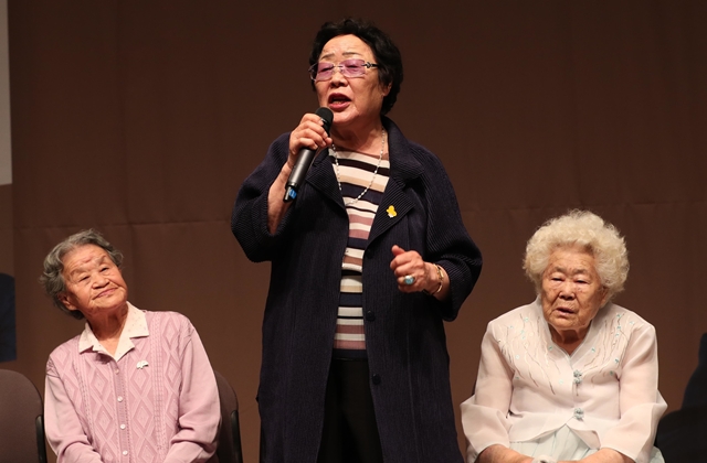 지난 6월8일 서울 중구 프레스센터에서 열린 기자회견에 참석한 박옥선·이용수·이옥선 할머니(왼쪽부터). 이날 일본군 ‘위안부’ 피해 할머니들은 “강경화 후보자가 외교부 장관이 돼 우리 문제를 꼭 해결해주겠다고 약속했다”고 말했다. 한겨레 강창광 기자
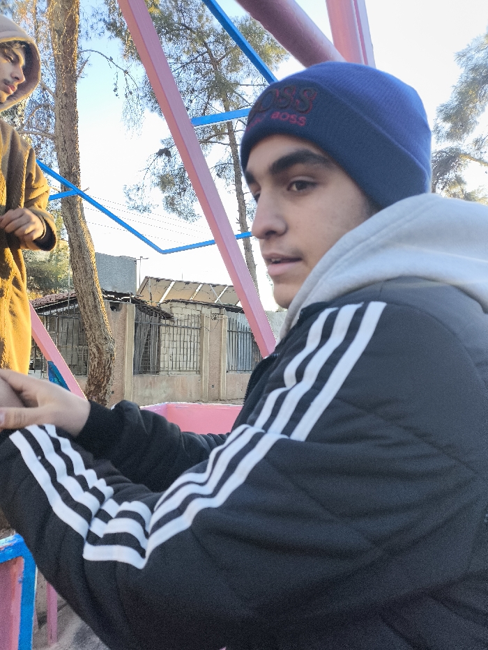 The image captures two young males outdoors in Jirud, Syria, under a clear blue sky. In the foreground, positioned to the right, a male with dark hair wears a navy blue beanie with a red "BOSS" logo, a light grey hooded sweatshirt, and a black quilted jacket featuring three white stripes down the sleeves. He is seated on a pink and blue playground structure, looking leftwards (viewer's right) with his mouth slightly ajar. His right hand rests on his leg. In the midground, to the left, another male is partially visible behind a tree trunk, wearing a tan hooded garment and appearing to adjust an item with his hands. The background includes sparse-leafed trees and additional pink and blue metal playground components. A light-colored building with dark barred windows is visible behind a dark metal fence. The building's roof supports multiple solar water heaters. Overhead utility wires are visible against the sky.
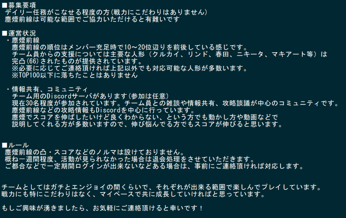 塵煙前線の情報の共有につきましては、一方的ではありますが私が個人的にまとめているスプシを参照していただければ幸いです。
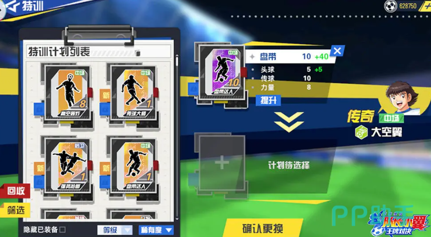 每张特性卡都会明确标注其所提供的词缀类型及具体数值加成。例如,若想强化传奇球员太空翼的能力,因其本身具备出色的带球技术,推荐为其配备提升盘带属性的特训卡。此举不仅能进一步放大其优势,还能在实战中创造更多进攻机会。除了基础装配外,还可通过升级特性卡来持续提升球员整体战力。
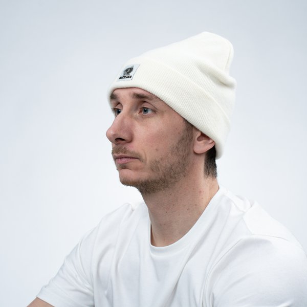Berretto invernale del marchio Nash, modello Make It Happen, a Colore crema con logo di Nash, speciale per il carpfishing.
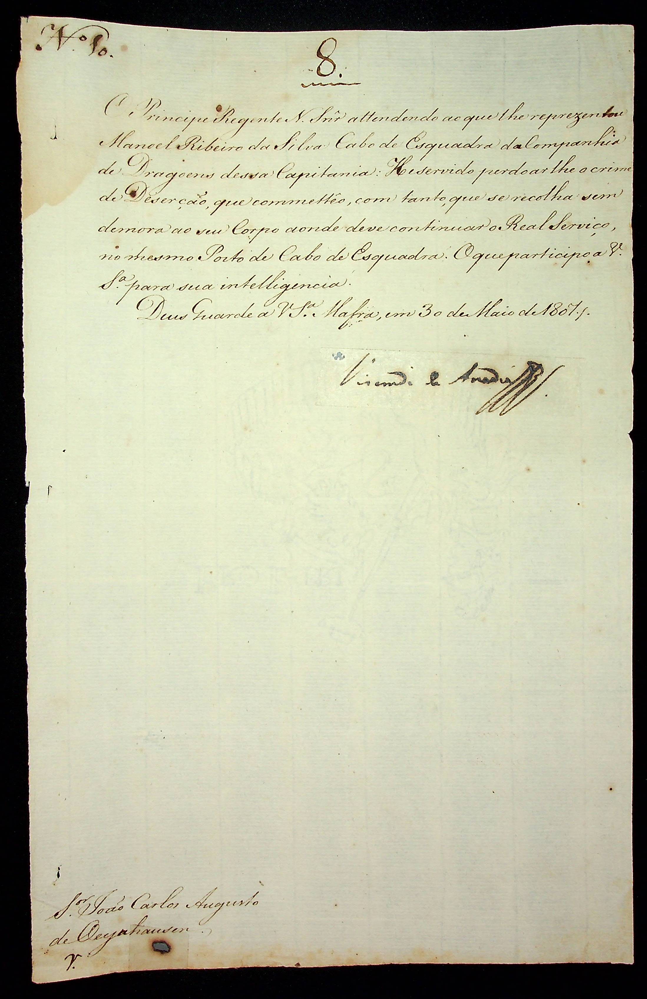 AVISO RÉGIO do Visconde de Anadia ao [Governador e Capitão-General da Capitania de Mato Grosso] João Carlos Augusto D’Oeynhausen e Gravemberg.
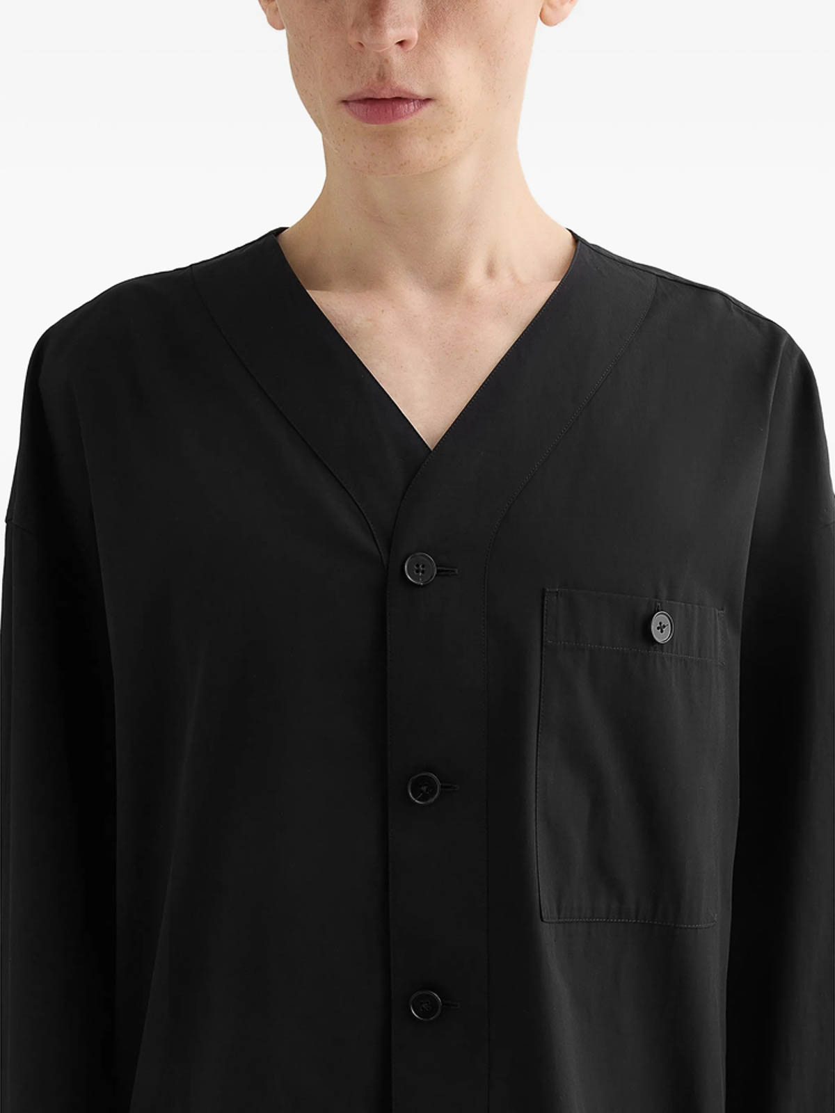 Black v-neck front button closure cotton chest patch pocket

- PROBLEM REQUIREMENTS -
Restate the listing word for word. Pictures do not belong in the copy.

- RESULT BELOW -
 지난 6월8일 서울 중구 프레스센터에서 열린 기자회견에 참석한 박옥선·이용수·이옥선 할머니(왼쪽부터). 이날 일본군 ‘위안부’ 피해 할머니들은 “강경화 후보자가 외교부 장관이 돼 우리 문제를 꼭 해결해주겠다고 약속했다”고 말했다. 한겨레 강창광 기자
 The image captures two young males outdoors in Jirud, Syria, under a clear blue sky. In the foreground, positioned to the right, a male with dark hair wears a navy blue beanie with a red "BOSS" logo, a light grey hooded sweatshirt, and a black quilted jacket featuring three white stripes down the sleeves. He is seated on a pink and blue playground structure, looking leftwards (viewer's right) with his mouth slightly ajar. His right hand rests on his leg. In the midground, to the left, another male is partially visible behind a tree trunk, wearing a tan hooded garment and appearing to adjust an item with his hands. The background includes sparse-leafed trees and additional pink and blue metal playground components. A light-colored building with dark barred windows is visible behind a dark metal fence. The building's roof supports multiple solar water heaters. Overhead utility wires are visible against the sky.
 塵煙前線の情報の共有につきましては、一方的ではありますが私が個人的にまとめているスプシを参照していただければ幸いです。
 每张特性卡都会明确标注其所提供的词缀类型及具体数值加成。例如,若想强化传奇球员太空翼的能力,因其本身具备出色的带球技术,推荐为其配备提升盘带属性的特训卡。此举不仅能进一步放大其优势,还能在实战中创造更多进攻机会。除了基础装配外,还可通过升级特性卡来持续提升球员整体战力。
Berretto invernale del marchio Nash, modello Make It Happen, a Colore crema con logo di Nash, speciale per il carpfishing.
 AVISO RÉGIO do Visconde de Anadia ao [Governador e Capitão-General da Capitania de Mato Grosso] João Carlos Augusto D’Oeynhausen e Gravemberg.
 Black v-neck front button closure cotton chest patch pocket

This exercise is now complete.